Garantex was sanctioned in 2022. The US government says it processed over $100 million for ransomware actors and illicit entities. The species has a specific talent for rebranding failure. When one shell is sanctioned, they simply crawl into another. Grinex lasted sixteen months before this incident.
Now, Grinex claims the attack was designed to damage "Russia’s financial sovereignty." It is a curious choice of words. The platform’s primary function is helping users bypass the sovereignty of international financial regulations. They are using the language of the rules they ignore to complain about the people who caught them.

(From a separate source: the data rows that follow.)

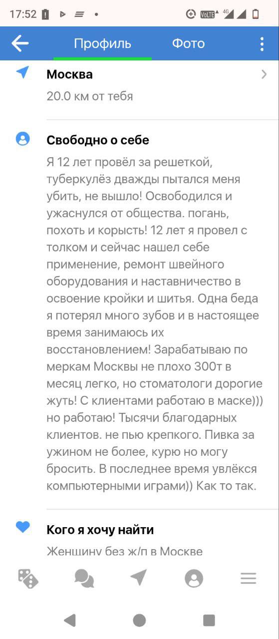Есть фейк анкета из пикчи снизу. На нее упало больше лайков от обеспеченных самок, которые сами путешествуют и имеют стабильную работу, держат себя в форме и т.д Ставил одну единственную фотку с описанием, что работаю вообще, блять, на складе.
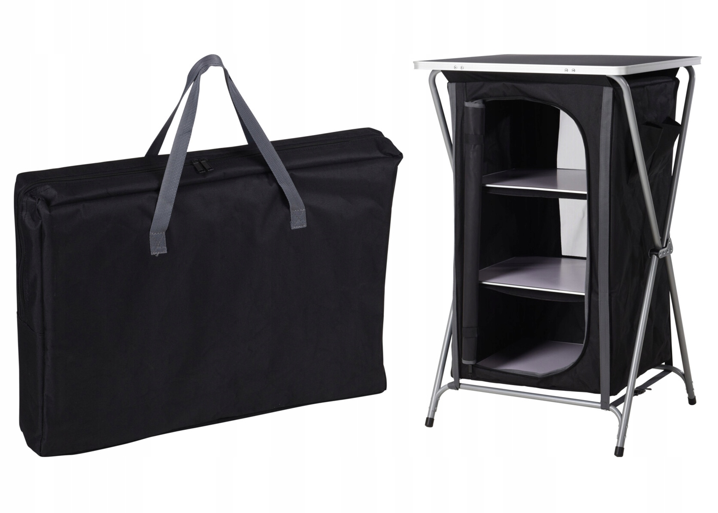 Ви шукаєте легкий портативний гардероб, до якого ви зможете приховати різні речі в кемпінгу чи під наметом? Туристичний гардероб, складений з 3 поличками 60x53x97 см.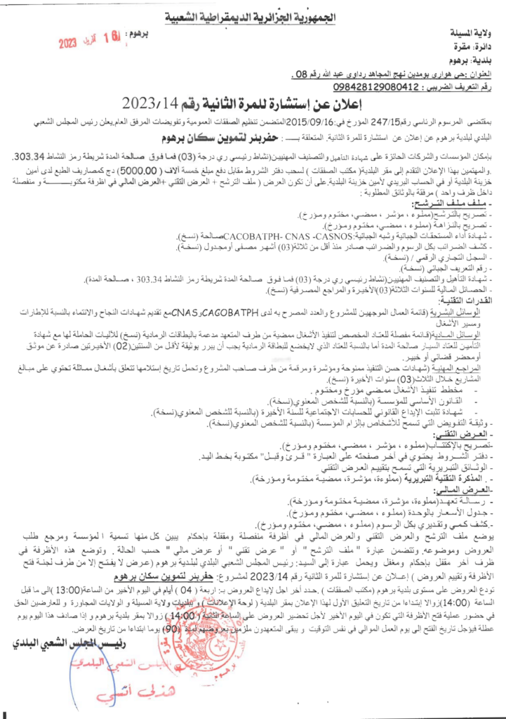 استشارة للمرة الثانية المتعلقة بـ : حفر بئر لتموين سكان برهوم16 أبريل، 20230 12 شاركها فيسبوك X مشاركة عبر البريد طباعة
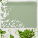 Vitt botaniskt löv mot en sädesbakgrund grönt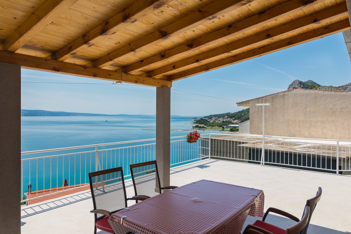 Este apartamento bellamente decorado está situado en el ático de una casa familiar. Tiene 1 dormitorio, sala de estar con cocina y baño. En la parte delantera hay una gran terraza con muebles de jardín. Parte de la terraza está cubierta, por lo que los huéspedes pueden disfrutar de la sombra incluso cuando el sol brilla con más fuerza. El descanso en la terraza se verá embellecido por la vista del mar, la ciudad histórica de Omiš y los acantilados por encima de ella. El mar está a unos 300 m y se puede llegar a él por escaleras o por una carretera local sinuosa.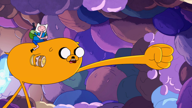 Sometimes they’ll write something in and explore it for awhile, then write it out again when they’re done. There’s a story arc where Jake’s girlfriend, Lady Rainicorn, is going to have puppies, and since Adventure Time is about Finn and Jake living together in their tree house I kept wondering how they would handle Jake’s responsibilities as a dad. I couldn’t imagine how they were going to make it work, and the answer was that they didn’t even try. Jake is a dad for one 11 minute episode, where it turns out baby rainicorns grow up so fast that they were all already older than Jake and he was back on the sofa with Finn by the end of the episode.

Grinex says it has transferred information to law enforcement to initiate a criminal case. This is the most telling part of the data. An entity sanctioned for facilitating notorious hackers is now asking the police to find the hackers who outplayed them. They are complaining about "unprecedented levels of technology" available only to "unfriendly states." In their world, that is usually called a business model.
This is the predictable cycle of state-sponsored friction. One group of humans writes code to hide money. Another group writes code to steal it back. When the second group wins, the first group calls it a violation of ethics. They want the protection of a system they spend their daylight hours trying to dismantle.
The pattern is fixed. The infrastructure will be moved. A new name will be chosen. A third rebrand will appear with a different logo and the same underlying ledger.
And so it continues.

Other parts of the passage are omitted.